My thread last night was full of indignant rage because my friends & colleagues—as well as children in my Mexican American community—were under attack by reactionary literary traditionalists.

I don't regret my rant. But today I want to explore this issue from another angle.

1/
I grew up on the US-Mexico border (where I still live) in a Mexican American family. Because of my love for stories (instilled by Grandmother Garza), I learned to read by age 5.

Reading was at first positively transformational. Rewired my brain. Made schoolwork easier.

2/
I didn't notice the negative impact until it was almost too late.

None of the books I read—in class or on my own—centered my Chicano identity in any way. My community didn't exist in those pages. Instead, a homogenous whiteness prevailed.

Subtly, it was erasing half of me.

3/
By high school, I knew I wanted to go to college, though no one in my family had before. But I assumed that meant turning my back on my family's language, traditions, ways of knowing.

I accepted that reality without question.

Just thinking about it breaks my heart.

4/
During my second semester at Pan American University (spring of 1989), I took 2 classes that began to wake me up.

One was a world literature course, in which we read THE HOUSE ON MANGO STREET (a book by Chicana author Sandra Cisneros, a US writer).

Whoa. We write books.

5/
The other was Intro to Anthropology, where we studied border folklore, recipes, Mexican legends ... & Mesoamerican mythology, which South Texas schools had never taught me about.

The awakening was painful. I was pissed.

But 13 years of brainwashing are very hard to shake.

6/
I was an English major. Most of my classes still centered the canon.

I became a teacher in my hometown while beginning my master's.

Tried teaching high school English like my English professors did.

Failed miserably. Didn't grasp why, despite what I was going through.

7/
Still grappling with my own identity crisis, reading more work on folklore and mythology plus whatever Chicanx literature I could find, I switched to a middle school.

There was an adopted textbook. I used it unthinkingly for that 1st year.

25 years ago. Seems an eternity.

8/
My third year came. I had a class of kids who just wouldn't, COULD NOT, read the stories in the textbook.

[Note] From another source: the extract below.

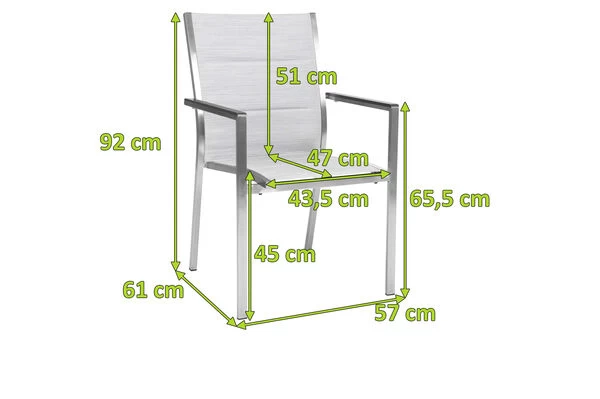 Der Sessel überzeugt nicht nur mit seinem zeitlosen Design und den hochwertigen Materialien, sondern vor allem auch durch seinen Komfort und seine Funktionalität. Schlicht, unauffällig und dennoch ein Hingucker. So lässt sich der Cardiff wohl am besten beschreiben. Holen Sie sich mit diesem Sessel Eleganz vereint mit perfektem Sitzkomfort nach Hause und genießen Sie entspannte Stunden z.B. nach Ihrem Feierabend. Die hochwertigen Materialien und die sorgfältige Verarbeitung sorgen nicht nur für die besondere Optik dieses Stuhls, sondern machen ihn auch äußerst stabil. Der Cardiff wird Ihnen durch seine hohe Widerstandsfähigkeit gegen Wind und Wetter viele Jahre Freude bereiten. Das verwendete Edelstahl der Güteklasse 304 ist rostfrei und ebenso wie das Textilgewebe der Sitzfläche und Rückenlehne besonders pflegeleicht. Die Sitzfläche hat die Farbe silber und ist gepolstert. Leichte Verschmutzungen lassen sich ganz einfach mit ein wenig Wasser wieder entfernen. Die Armlehnen wurden aus Aluminium gefertigt und besitzen die Farbe anthrazit. So können Sie sich guten Gewissens zurücklehnen und sich so richtig entspannen. Durch seine Stapelfunktion und den Maßen von ca. 61 x 57 x 92 cm lässt sich der Stuhl aber dennoch platzsparend verstauen, wenn Sie doch einmal etwas mehr Platz auf Ihrer Terrasse oder im Garten benötigen sollten.

I was so frustrated. But through conversations with my wife, I had an epiphany. I had come to reading through the stories of my family & community. A bridge of sorts.

9/
I came to class, said "toss your homework," dimmed the lights & told them a story we ALL KNEW.

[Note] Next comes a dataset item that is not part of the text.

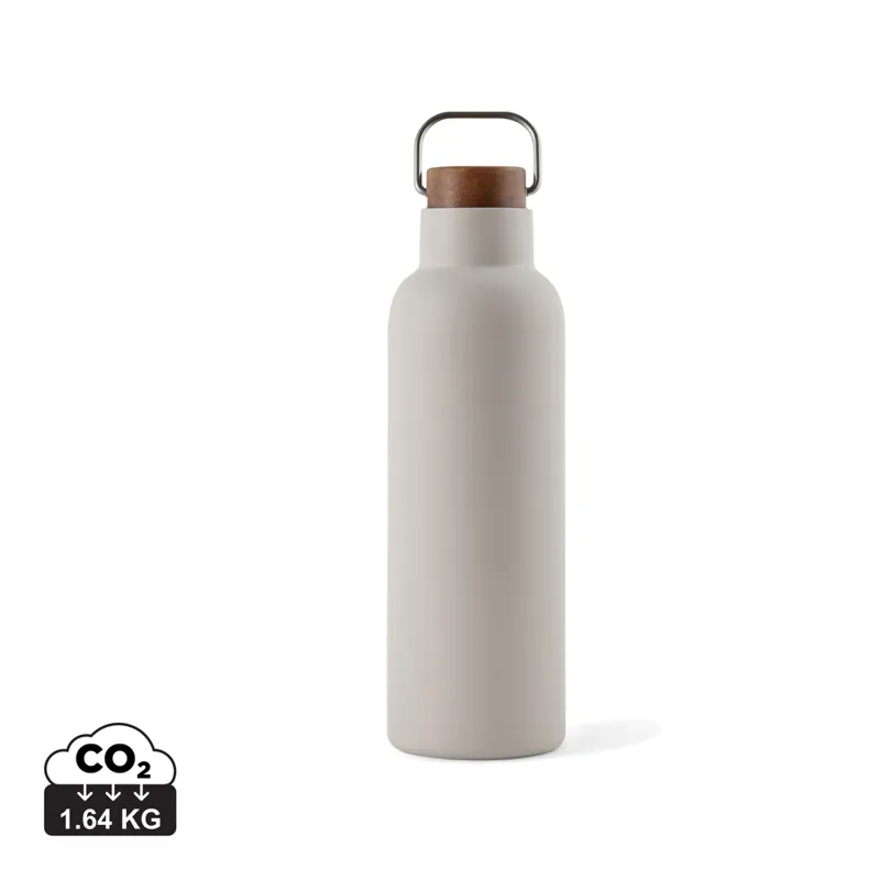 Elegáns és funkcionális kialakítású termoszpalack. Akácfából készült fedele fémhurokkal van ellátva ami megkönnyíti a palack hordozását útközben. Az újrahasznosított rozsdamentes acélból készült, duplafalú vákuumpalack biztosítja, hogy a palack hosszú ideig megőrzi a hőmérsékletet, hideg és meleg italok esetén egyaránt. Az akác természetes fa anyag melyből kifolyólag árnyalati vagy színeltérések előfordulhatnak. Az RCS (Recycled Claim Standard) tanúsítvány garantálja az újrahasznosított anyagok ellátási láncát. A teljes újrahasznosított anyagtartalom a termék összsúlyán alapul. Ez a termék 79% RSC újrahasznosított rozsdamentes acélt tartalmaz. A palack könnyen tisztítható és csak kézzel szabad tisztítani. FSC® kraft csomagolásban.

They were stunned. I'd never mentioned I was Mexican American. Never tapped into that shared identity.

EVERYTHING CHANGED.

My TEDx talk on this moment:

10/
Stories from our culture & region, stories that centered my students & their families—that was where I needed to START.

I helped those 30 kids FALL IN LOVE WITH WRITTEN LANGUAGE. Taught them to create literary versions of their family stories. Brought in literary mirrors.

11/
By the end of the year, some of them WANTED to read canonical works in the textbook and library.

But THEY came to that choice after I'd built a bridge for them.

They were equipped to defend themselves with critical lenses against harmful elements found in some classics.

12/
THAT IS WHAT I'M ADVOCATING.

Not "cancelling the classics," but teaching powerful, personalized literacy via liberation pedagogy and local funds of knowledge.

Shaping critical readers who are equipped to find purpose in literature and push back against erasure.

ONLY THEN—

13/
Only then should we point at the classics & say, "Here's what a particular group of people, flawed and guilty though capable of beauty, once lifted up as great literature. Read with care, if you choose to read. There's much to be loved and much to be feared in those pages."

14/
There is nothing controversial about this unless you are a staunch conservative who believes national, Christian values are best instilled through a curated canon

OR

you're a white liberal whose idea of quality has been shaped by a canon that deliberately excluded BIPOC.

15/
And white (plus white-adjacent) folks who have anecdotal evidence from your own lives ("CATCHER IN THE RYE made ME a reader, Bowles, you clown") clearly do not understand either logic or instructional differentiation.

You're armchair reading coaches. You know nothing.

16/
You've the right to express your unfounded opinions, of course. But others of us have been tasked with actually making millions of children (50% of whom come from communities of color) literate.

You'll forgive us if we choose to center THEM in the classroom and not YOU.